▶ _ACTION ITEM_: While leaving the pictures out, set down only the lines from the one with "Plants》(2018年期刊影响因子13.297)上发表。刘庆坡和Brandon S. Gaut为通讯作者。" through the end of the records, exactly as they stand.

▶ _THE RECORDS_:
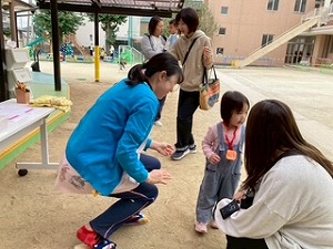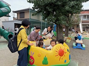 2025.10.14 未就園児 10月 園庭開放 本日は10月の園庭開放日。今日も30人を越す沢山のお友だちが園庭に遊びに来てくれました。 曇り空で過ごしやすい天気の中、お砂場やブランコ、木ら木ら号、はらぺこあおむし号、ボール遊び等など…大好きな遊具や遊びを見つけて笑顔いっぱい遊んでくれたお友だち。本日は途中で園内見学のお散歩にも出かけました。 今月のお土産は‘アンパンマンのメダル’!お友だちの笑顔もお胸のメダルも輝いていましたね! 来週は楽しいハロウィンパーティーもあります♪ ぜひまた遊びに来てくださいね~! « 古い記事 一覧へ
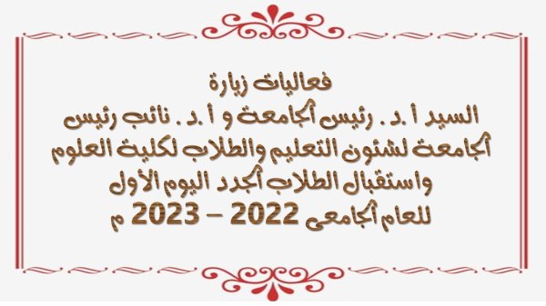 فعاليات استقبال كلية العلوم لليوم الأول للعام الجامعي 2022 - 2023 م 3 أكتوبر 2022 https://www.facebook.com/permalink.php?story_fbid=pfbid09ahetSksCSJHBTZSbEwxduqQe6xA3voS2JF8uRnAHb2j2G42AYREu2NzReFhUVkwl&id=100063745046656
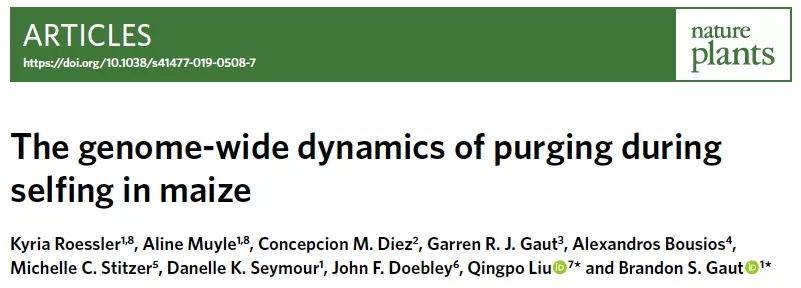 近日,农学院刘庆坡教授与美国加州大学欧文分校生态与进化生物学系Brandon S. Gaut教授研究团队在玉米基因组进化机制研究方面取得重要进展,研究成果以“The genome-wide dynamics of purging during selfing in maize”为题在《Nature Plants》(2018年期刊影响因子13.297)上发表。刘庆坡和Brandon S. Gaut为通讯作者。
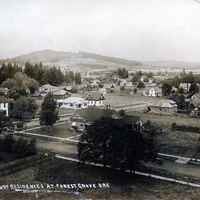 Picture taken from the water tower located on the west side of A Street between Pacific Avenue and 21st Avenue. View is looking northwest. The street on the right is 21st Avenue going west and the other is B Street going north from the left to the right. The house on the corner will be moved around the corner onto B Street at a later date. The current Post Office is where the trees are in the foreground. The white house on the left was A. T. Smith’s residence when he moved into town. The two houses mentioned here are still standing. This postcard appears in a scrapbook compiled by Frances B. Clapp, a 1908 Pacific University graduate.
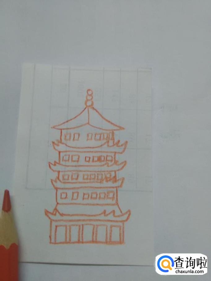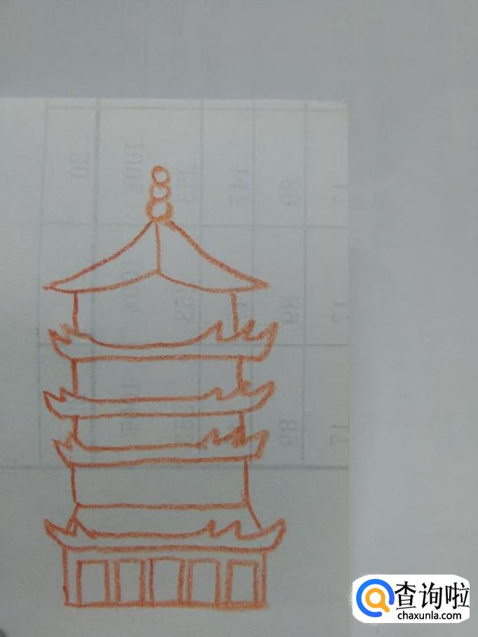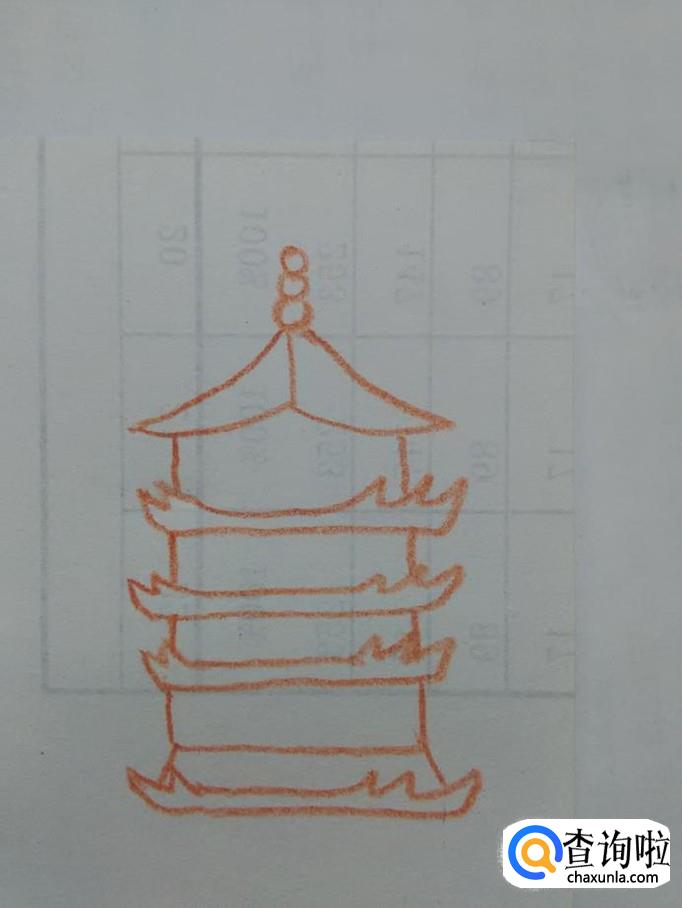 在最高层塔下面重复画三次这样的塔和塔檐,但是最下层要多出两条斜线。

▶ _TASK SOLUTION_:
 近日,农学院刘庆坡教授与美国加州大学欧文分校生态与进化生物学系Brandon S. Gaut教授研究团队在玉米基因组进化机制研究方面取得重要进展,研究成果以“The genome-wide dynamics of purging during selfing in maize”为题在《Nature Plants》(2018年期刊影响因子13.297)上发表。刘庆坡和Brandon S. Gaut为通讯作者。
 Picture taken from the water tower located on the west side of A Street between Pacific Avenue and 21st Avenue. View is looking northwest. The street on the right is 21st Avenue going west and the other is B Street going north from the left to the right. The house on the corner will be moved around the corner onto B Street at a later date. The current Post Office is where the trees are in the foreground. The white house on the left was A. T. Smith’s residence when he moved into town. The two houses mentioned here are still standing. This postcard appears in a scrapbook compiled by Frances B. Clapp, a 1908 Pacific University graduate.
 在最高层塔下面重复画三次这样的塔和塔檐,但是最下层要多出两条斜线。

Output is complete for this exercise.